Liz Deschenes “Gravity’s Pull”

Miguel Abreu Gallery (88 Eldridge St.)

poster for Liz Deschenes “Gravity’s Pull”

This event has ended.

Liz Deschenes is a photographer who, in the best modernist tradition, pushes against the basic terms by which photography is conventionally defined: instantaneity, veracity, fixity, or reproducibility.

— Matthew Witkovsky

Miguel Abreu Gallery presents Liz Deschenes’ Gravity’s Pull, her sixth one-person exhibition at the gallery. The show, which is comprised of a new series of ceiling mounted prints on Gorilla Glass, will be held at our 88 Eldridge Street space.

While retaining a fundamental connection to what can be referred to as the photographic, Liz Deschenes’ work of recent years has been progressively distancing itself from that general category in order to directly engage the realms of architecture and sculpture, as well as the dimension of time itself. As the photographic mode expands its reach to ever more intimate zones of human experience, such an evolution would seem logical to the discerning and inquisitive artist, the one interested in first capturing the world as it is before making any attempt to alter or transform it.

In Gravity’s Pull, Deschenes turns to the effects of screen imagery on sensation and consciousness. She works with an alkali-aluminosilicate glass, one of the screen universe’s preferred materials, and renders it opaque. Indeed, apart from various intensities of light dimming through the lush monochrome surface of the works, no constituted image seems able to show through, as if by willed resistance of the glass sheet. There is no information to be digested apart from the sheer presence of ultra-thin, mobile-like objects floating in space, positioned at a more or less short distance from the walls behind them. Arranged in rhythmic line formations, they duplicate and sometimes extend the pre-existing wall structure of the galleries, at once suspending and intensifying the architectural impact on the viewer.

The printed Gorilla Glass sheets, pinched and stabilized into position by a rough band of stainless steel, can be approached and examined from front or back, thus subverting the normally passive, monodirectional experience of a screen and its pulsating content. There is no established recto and verso; one side of the plane is matte, the other simply glossy. Square shaped and with slightly rounded corners, the panels form a kind of silent and precise dance of outsized color pixels liberated from the surface of their native domain into three-dimensional space.

At the outset of the exhibition, a single work embraces the wall directly, like a Japanese hanging scroll, held up by a thin metal cable in triangular formation, effectively doubling the work’s height. It might be noted that all the works in the show are installed mid-distance between the floor and ceiling, that is slightly above the standard picture height for ideal, isolated viewing.

In a small side gallery, two nearly identical black glass works are installed opposite one another. Their convex surface brings to mind an enlarged Claude glass, the typically pocket-book size visual device used by artists, travelers and connoisseurs of landscape since the 18th-century. The users turned their back on the scene to observe the framed view through the tinted mirror–in a sort of pre-photographic lens–which added the picturesque aesthetic of a subtle gradation of tones.
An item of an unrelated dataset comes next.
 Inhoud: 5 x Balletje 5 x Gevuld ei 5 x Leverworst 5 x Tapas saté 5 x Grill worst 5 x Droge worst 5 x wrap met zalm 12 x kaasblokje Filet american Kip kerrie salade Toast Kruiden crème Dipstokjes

Liz Deschenes (b. 1966, Boston) lives and works in New York. She has been exhibiting internationally for over 25 years. Institutional solo exhibitions of her work have been held at ICA Boston (2016); MASS MoCA, North Adams, MA (2015); Walker Art Center, Minneapolis (2014); and the Secession, Vienna (2012). Recent major group exhibitions include the Geneva Biennale: Sculpture Garden, (2022); Une seconde d’éternité, Pinault Collection, Bourse de Commerce, Paris (2022); Shifting the Silence, San Francisco Museum of Modern Art (2022); True Pictures? Contemporary Photography from Canada and the USU, Sprengel Museum, Hanover (2021); The Inconstant World, ICA Los Angeles (2021); and Luogo e Segni Pinault Collection – Punta della Dogana, Venice (2019). Her work was included in the 2012 Whitney Biennial, and is held in the permanent collections of Centre Pompidou, Paris; San Francisco Museum of Modern Art; Solomon R. Guggenheim Museum; Whitney Museum of American Art; Museum of Modern Art; Metropolitan Museum of Art; Walker Art Center; Art Institute of Chicago; Israel Museum, Jerusalem; CCS Bard Hessel Museum of Art; Corcoran Museum of Art; Hirschhorn Museum and Sculpture Garden; and Pinault Collection, among others.